What has changed significantly on the website side?
My bank website did a full re-design to be modern looking, but it's slower, no longer supports multiple tabs, and links don't work well, especially if you go through the sign in flow. The ones that didn't redesign into a JS heavy spa are still faster and links tend to be more reliable for e.g. bookmarking. They don't look great, but they tend to be more functional.
I can buy something, pay using a number of different standardised mechanisms (debit card details, Apple/Google Pay, other web services like PayPal) and have it quoted for shipping from almost anywhere in the world to my house with just a few presses in a mobile browser or on my laptop. There are a huge number of moving parts involved in providing that experience and it is fairly consistent between large tech players and small.

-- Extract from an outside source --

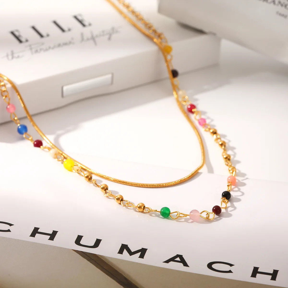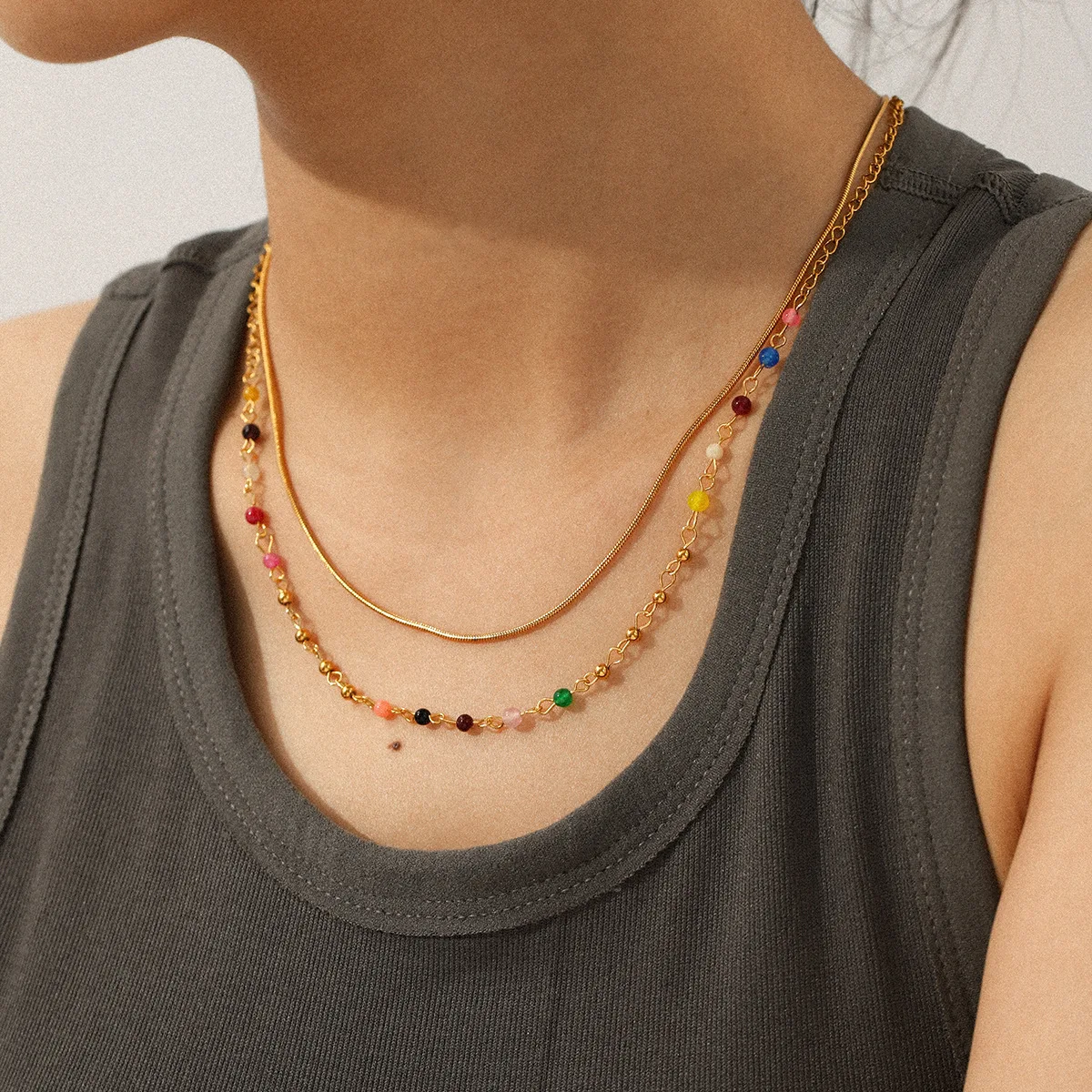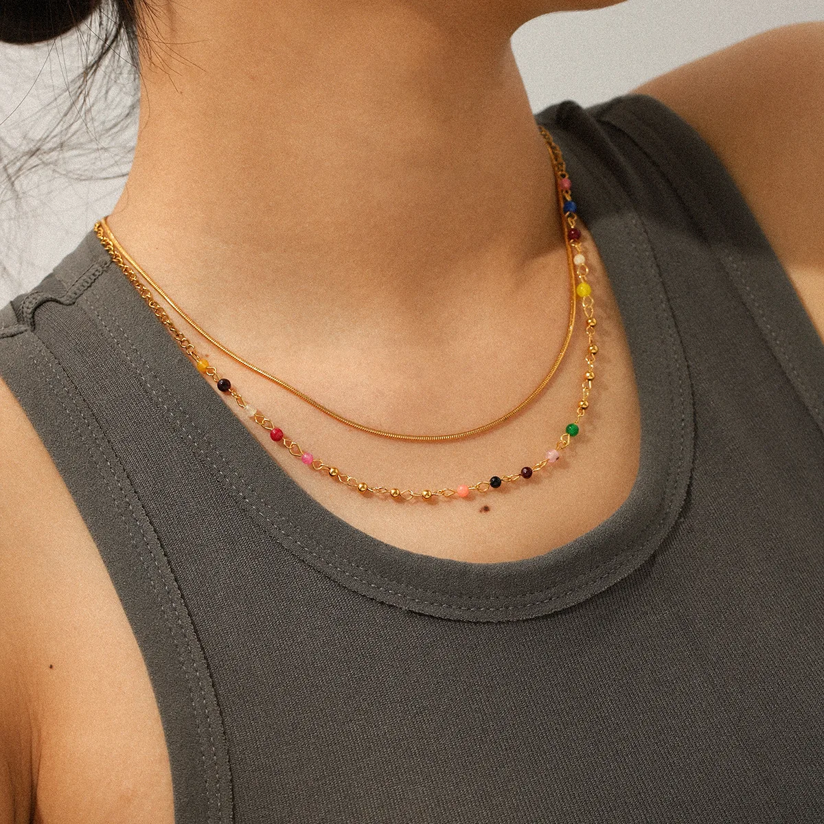 MW Designer 18K Gold Plated Geometric Snake Layered Choker Necklace Women Dainty Colorful Charms Stainless Steel Gift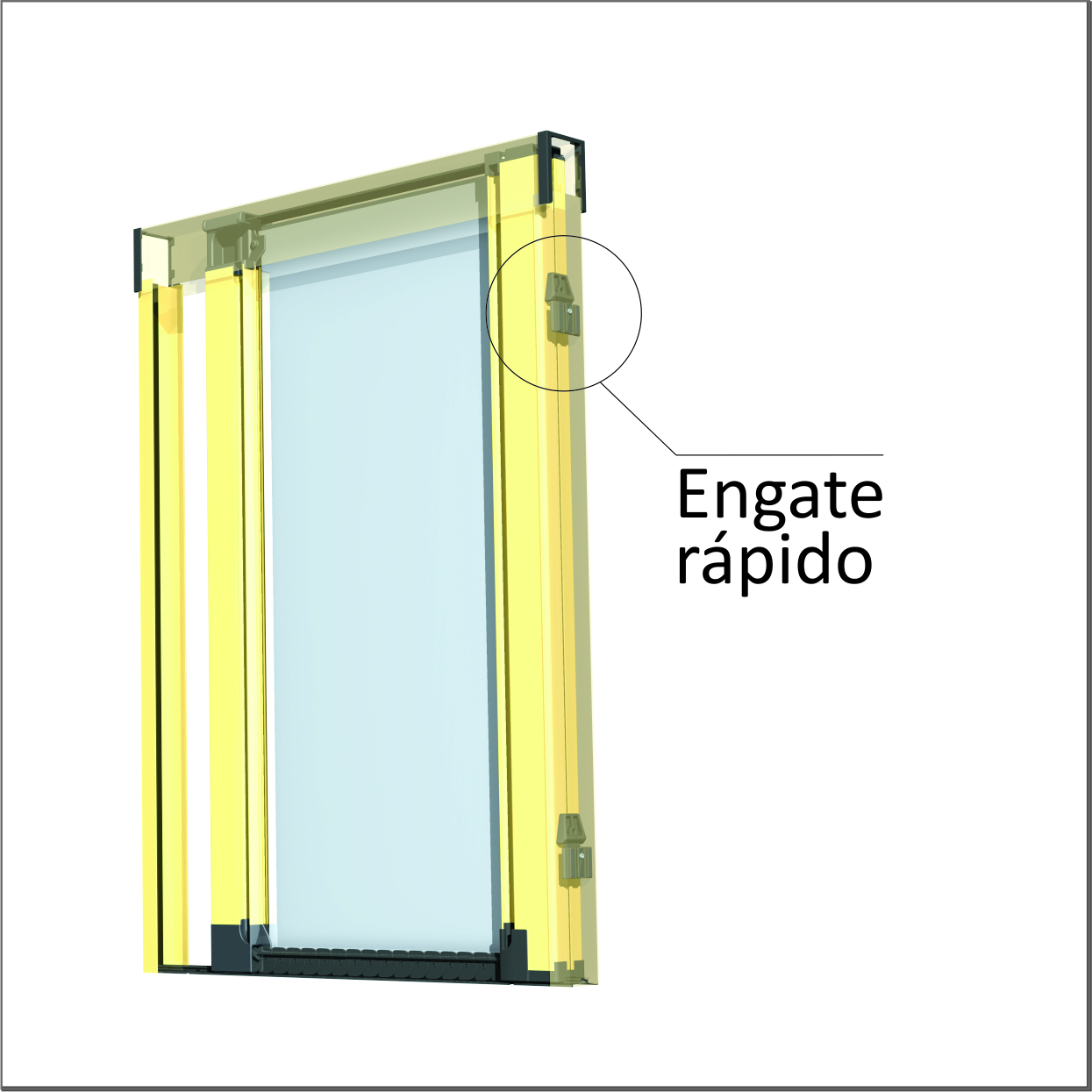 É um novo e elegante modelo de fechamento de porta mosquiteira, consiste em uma mescla do sistema recolhível horizontal com o sistema de corrente, aliando desta maneira facilidade de uso e conforto.

It might not be flashy stuff like a nice replacement for JavaScript to make developers' lives easier, but a lot of my story above depends on significant advancement in web standards plus industry experience and consolidation. The web (as well as walled gardens like Apple and Google native) has been critical in enabling that. It's the bedrock for the entire digital economy, including many transactions that drive the physical economy. 15 years ago you couldn't even trust that the average user's browser had a decent fetch API.
edit: I do agree that things have gotten slower and everything is terrible.
My bank website did a full re-design to be modern looking, but it's slower, no longer supports multiple tabs, and links don't work well, especially if you go through the sign in flow. The ones that didn't redesign into a JS heavy spa are still faster and links tend to be more reliable for e.g. bookmarking. They don't look great, but they tend to be more functional.